The other transcripts identified by the discriminant analysis do not show an obvious role in JD or bacterial infections in general. The RDM1 (RAD52 motif containing 1) gene codes for a protein that is involved in a DNA damage repair pathway, and in the cellular response to cisplatin, a drug commonly used in chemotherapy [39,40]. STAU1 is a member of the family of double-stranded RNA (dsRNA)-binding proteins involved in the transport of mRNAs to different organelles or cell compartments. In cattle, the protein has been shown to have a role during mammalian oocyte maturation and early embryogenesis [41].
EPHX1 (Epoxide Hydrolase 1) codes for an enzyme involved in the degradation of aromatic compounds to less reactive and more water-soluble compounds [42]. Mutations of EPHX1 may alter its enzymatic function and lead to Familiar Hypercholanemia, a genetic disorder characterized by high serum bile acid concentrations, itching, and fat malabsorption [43]. ASB8 (Ankyrin Repeat and SOCS Box Containing 8) has a putative role in the growth and proliferation of lung cancer, possibly as a positive regulator [44]. The TLE1 (TLE Family Member 1, Transcriptional Corepressor) gene product is involved in hemopoiesis, epithelial and neuronal differentiation and has a role in repressing cell differentiation [45]. TLE1 has been used as a immunohistochemical marker for Synovial Sarcoma, an adult soft tissue sarcoma [46]. Lastly, the RIC8B (RIC8 Guanine Nucleotide Exchange Factor B) gene product is known to interact with G-alpha proteins [47] and potentiates odorant receptor signal transduction by increasing G (olf)- alpha-dependent cAMP accumulation [48].
In summary, the results of the discriminant analysis identified a 10-gene signature, the expression levels of which could discriminate between the exposed and sero-converted animals. Not all of the 10 genes were DE or relate to immune function. To further validate these findings, a larger group of animals should be tested. The study was limited by the unknown exposure status of the NP group, which gives uncertainty in the interpretation of the signature identified, and by the lack of a longitudinal information on the disease outcome of the NP group.

5. Conclusions

In conclusion, the discriminant analysis described here identified a 10-gene signature, the expression levels of which could discriminate between exposed and sero-converted animals and suggest the possible use of RNA expression analysis as a new diagnostic test for JD. In particular, the approach may be able to identify infected or/exposed animals prior to sero-conversion and a positive ELISA test result. However, further tests for specificity and validation in a larger cohort are required.

Supplementary Materials

The following are available online at https://www.mdpi.com/2076-2615/10/2/253/s1, Table S1. Differentially expressed genes in the positive subject when compared with the control group. Genes with an FDR < 0.05 and a Log2 fold change (LogFC) <−1 or >1 were considered as differentially expressed.

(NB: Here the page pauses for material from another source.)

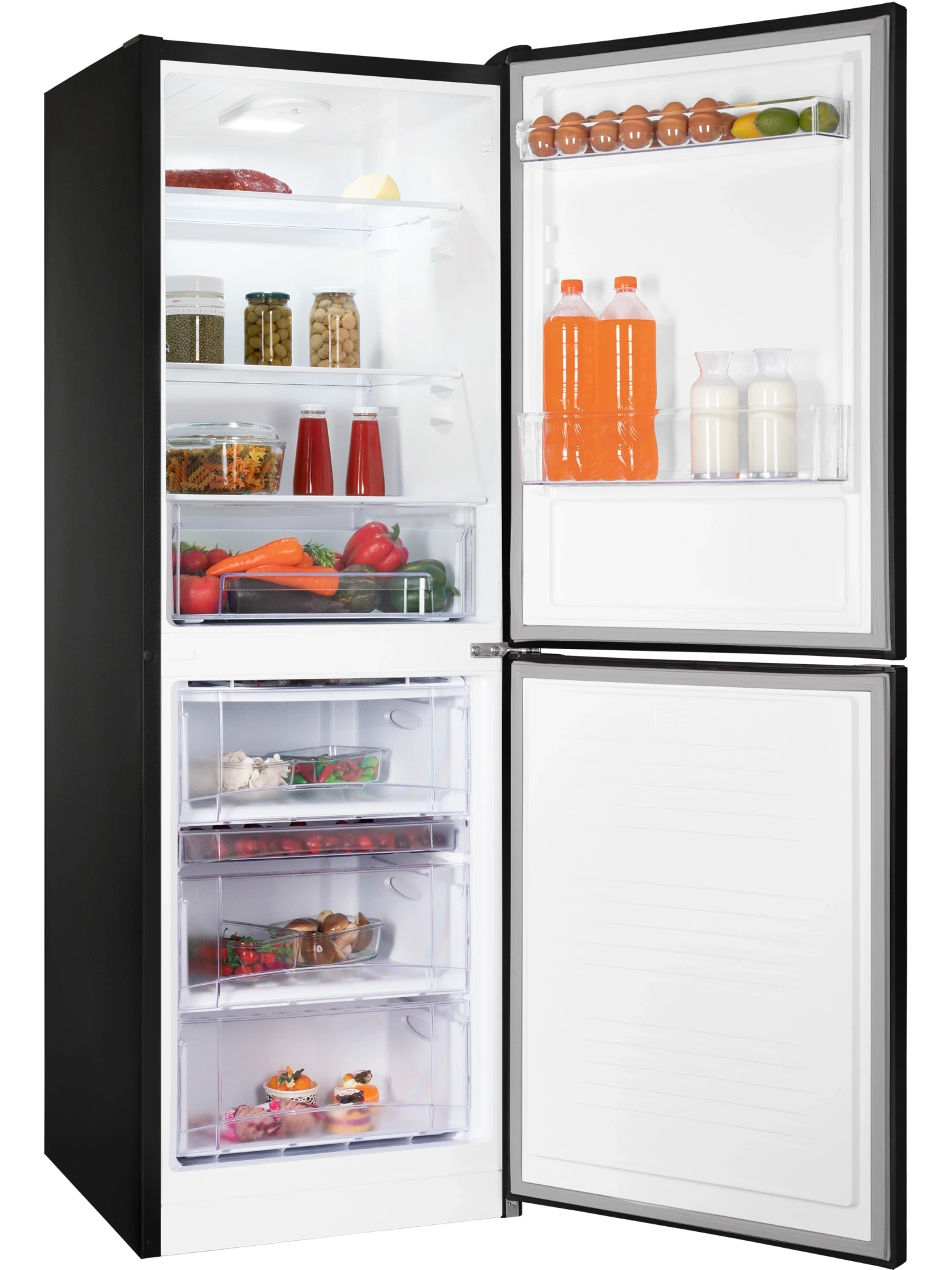 Nordfrost NRB 151 B имеет нижнее расположение морозильной камеры. Это обеспечивает удобный доступ к часто используемым продуктам. В морозильной камере предусмотрено 4 ящика для удобной организации хранения. В холодильной камере – 3 полки и 1 ящик для овощей и фруктов, а также 2 полки на дверце.

Table S2. Differentially expressed genes in the exposed subject when compared with the control group. Genes with an FDR < 0.05 and a Log2 fold change (Log2FC) <−1 or >1 were considered as differentially expressed. Table S3. Differentially expressed genes in the positive subject when compared with the exposed group. Genes with an FDR < 0.05 and a Log2 fold change (Log2FC) <−1 or >1 were considered as differentially expressed. Table S4. List of 123 transcripts identified by Combinatorial Discriminant Analysis (CDA) that discriminates between cattle infected and non-infected by Mycobacterium avium ssp. Paratuberculosis.

Author Contributions

Conceptualization: D.R., J.L.W., G.M. Formal analysis: N.C. S.V. Funding acquisition: J.L.W. Investigation: M.M., G.M., F.P., M.G.D.I., M.P. Methodology: D.R., J.L.W. Project administration: J.L.W. Resources: F.P., M.L. Supervision: J.L.W., G.M. Validation: D.R. Visualization: M.M., G.M. Writing—original draft: G.M., D.R. Writing—review & editing: M.M., J.L.W., G.M., G.G., D.R. All authors have read and agreed to the published version of the manuscript.

Funding

This research was funded by The Italian Ministry of Education and Research (www.istruzione.it), grant number PON01_01841 PON EPISUD.

Acknowledgments

This work was carried out with the support of grant PON01_01841 PON EPISUD from the Italian Ministry of Education University and Research (www.istruzione.it) awarded to JLW. The funders had no role in study design, data collection and analysis, decision to publish, or preparation of the manuscript.

Conflicts of Interest

The authors declare no conflict of interest.

References

  1. Olsen, I.; Sigurğardóttir, G.; Djønne, B. Paratuberculosis with special reference to cattle. Vet. Q. 2002, 24, 12–28. [Google Scholar] [CrossRef] [PubMed]
  2. Whittington, R.J.; Sergeant, E.S.G. Progress towards understanding the spread, detection and control of Mycobacterium avium subsp. paratuberculosis in animal populations. Aust. Vet. J. 2001, 79, 267–278. [Google Scholar] [CrossRef] [PubMed]
  3. Bach, H. What role does mycobacterium avium subsp. paratuberculosis play in Crohn’s disease? Curr. Infect. Dis. Rep. 2015, 17, 463. [Google Scholar] [CrossRef] [PubMed]
  4. Liverani, E.; Scaioli, E.; Cardamone, C.; Dal Monte, P.; Belluzzi, A. Mycobacterium avium subspecies paratuberculosis in the etiology of Crohn’s disease, cause or epi- phenomenon? World J. Gastroenterol. 2014, 20, 13060–13070. [Google Scholar] [CrossRef]
  5. Britton, L.E.; Cassidy, J.P.; O’Donovan, J.; Gordon, S.V.; Markey, B. Potential application of emerging diagnostic techniques to the diagnosis of bovine Johne’s disease (paratuberculosis). Vet. J. 2016, 209, 32–39. [Google Scholar] [CrossRef]
  6. Casey, M.E.; Meade, K.G.; Nalpas, N.C.; Taraktsoglou, M.; Browne, J.A.; Killick, K.E.; Park, S.D.; Gormley, E.; Hokamp, K.; Magee, D.A.; et al. Analysis of the Bovine Monocyte-Derived Macrophage Response to Mycobacterium avium Subspecies Paratuberculosis Infection Using RNA-seq. Front. Immunol. 2015, 6, 23. [Google Scholar] [CrossRef] [Green Version]
  7. Farrell, D.; Shaughnessy, R.G.; Britton, L.; MacHugh, D.E.; Markey, B.; Gordon, S.V. The Identification of Circulating MiRNA in Bovine Serum and Their Potential as Novel Biomarkers of Early Mycobacterium avium subsp paratuberculosis Infection. PLoS ONE 2015, 10, e0134310. [Google Scholar] [CrossRef] [Green Version]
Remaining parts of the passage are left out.